Growing up, Bewitched was one of my favorite television shows (thanks, TBS Superstation 17!). And even then I LOVED Samantha and Darrin's house. Hooked On Houses did a post about 1164 Morning Glory Circle a few years ago covering the whole house.  I want to focus specific design aspects of the set design of Bewitched, though, so this will be a different take. The Stephens purchased a Connecticut Dutch Colonial early on in the series. Here it is before they bought it, but after Samantha twitched her nose and gifted the house with some cute awnings.

Bower Power
When I gazed up Bower Power's first master bedroom  I realized their over the bed painting looked very familiar. Okay, I actually squeeled "Katie Bower has Samantha's foyer painting!"

LeRoy's Pink Fist
See it over Samantha's shoulder, with some horrid wallpaper, a terrible plant, and cute little credenza.

LeRoy's Pink Fist
Here it is over Darrin's shoulder! Okay, so this isn't just the foyer painting from Bewitched. It's actually a Rembrandt entitled "Girl With a Broom," painted around 1640 (yes, I went to college. Yes, I took some art history classes. Yes, I still think of this painting as Samantha's entryway painting). I think the joke is that Samantha was supposed to be the girl in the painting. When the Stephens house was redecorated, this awesome painting was removed in favor of a mirror. Sigh. However, the painting is a classic and it's fairly easy to find a reproduction.

Tartan Scot
These pictures aren't quite right. The first few seasons of Bewitched were shot in black and white, but later were colorized. So...yeah. Just enjoy the shapes! Don't you love the Danish Modern furniture? I think the coffee might be from the Lane Acclaim line. Maybe not. Still a great example of a more conservative yet still very fresh mid century modern coffee table. And that sofa! OMG! Those LINES.

Thrive Nixon Sofa
The Thrive Nixon Sofa in in Cordova Amber is very similar to Samantha Stephens's hip Danish sofa. Feel free to twitch your nose as you lounge upon it.

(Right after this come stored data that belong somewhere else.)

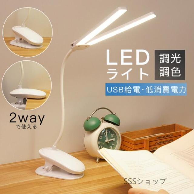 LEDデスクライト クリップライト 2WAY ダブルライト 3段階調色 フレキシブルアーム 自由可動 USB給電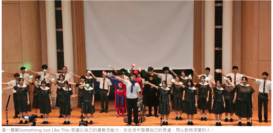 接下來上場的是高一善解,表演的曲目是Something Just Like This。同學們唱作俱佳,扮成超人和蜘蛛人來具體呈現出歌詞的涵義。就算不是超人,也能以自己的優勢及能力,在生活中發揮自己的長處,用心對待深愛的人。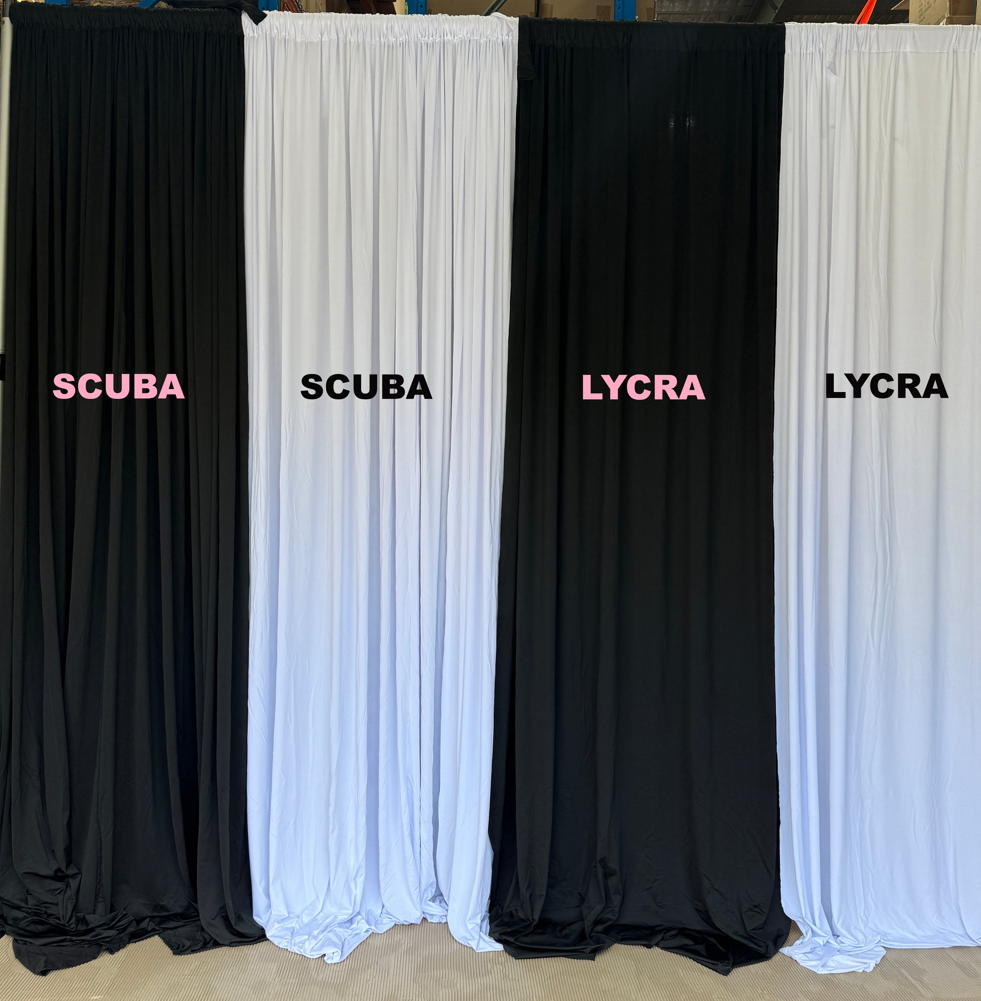 Quality: Made from 180gsm Lycra, this curtain offers a soft, flexible stretch that moves both horizontally and vertically. The four-way stretch allows the fabric to fit smoothly across frames or gather neatly for a fuller look. Lycra drapes lightly with a gentle sheen, making it ideal for creating layered designs or blocks of colour within larger backdrop setups.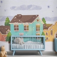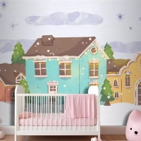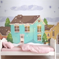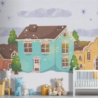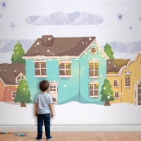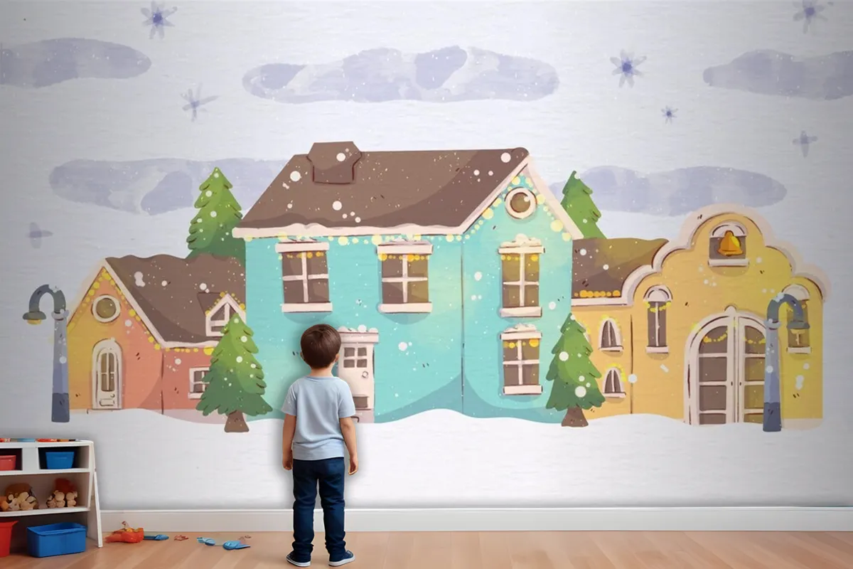 Suluboya Noel Kasabası Çocuk Odası Duvar Kağıdı

The Bewitched set decorators used many famous artists beyond Rembrandt. This is a Picasso hung horizontally instead of vertically on the brick wall fireplace. Love.

Hooked On Houses
A gallery wall in the corner of the Stephens living room shows off some more of an incredibly awesome art collection, and a colonial American style chair on what appears to be grasscloth walls. Honestly, this setup wouldn't look out of place on Apartment Therapy.

Ahhh. Here it is. One my very favorite pieces in all of TV Land. The Hans Wagner Papa Bear Chair. The Mid Century era is FULL of absolutely incredible chair design. Out of all of them, this is absolutely one of my favorites. It's such a sleek, playful twist on the standard wingchair. I'd ignore the insane colorway of this photo and focus on the lines. I think the colorist went a bit crazy (for some reason I feel like I've read the actual chairs on the set were brown).

Papa Bear Chair
Feast your eyes upon the gray Papa Bear. Doesn't he look yummy? Modernica still makes this chair, and it can be yours for only about four grand! Sigh. This belongs under the file things I probably will never own....

Hooked On Houses
Here you can see Samantha walking from the living area into the dining room. The kitchen is visible through the oh so era appropriate pass through. Again, I can't get enough of Samantha's sleek Danish Modern furniture choices. That table and those chairs still look amazing (I feel like I should know the designer, but I can't place them). And I love the open floor plan of the Stephens' house. Great flow.

Kitchen and Residential Design
 Yes. Oh yes. Oh my gosh, YES. I love so many things about the Bewitched house...but this might be favorite. Even over the Papa Bear Chair. Well...different kinds of love. What is Samantha standing next to? Why, that would be the Frigidaire Flair.

Kitchen and Residential Design
The Flair was produced by Frigidaire in the 1960s. The oven(s) were on top and the stove burners were located in a pull out drawer. The design is so incredibly space age that every time I look at it I can feel the optimism technology fostered in the 1960s. Really, I bet young women cooking on it in 1962 felt assured they'd spend their retirement visiting Mars. It's such a happy stove!

Kitchen and Residential Design
Here it is with the door open. Flairs are pretty beloved in the vintage community. I'd love to have one. My oh so practical I was an electrician in the Navy husband thinks its insane to buy a fifty year old stove. I think he doesn't have the proper spirit of adventure! (Also, check out the vintage sunshine yellow Pyrex!)

Hiss by Toban Nichols
Here's something every Bewitched fan needs to own. This amazing digital portrait of Agnes Moorehead's Endora is by Toban Nichols and is entitled Hiss. I've been obsessed with it ever since I saw it in this Apartment Therapy House Tour. I think it would look incredible in pretty much any room of our house.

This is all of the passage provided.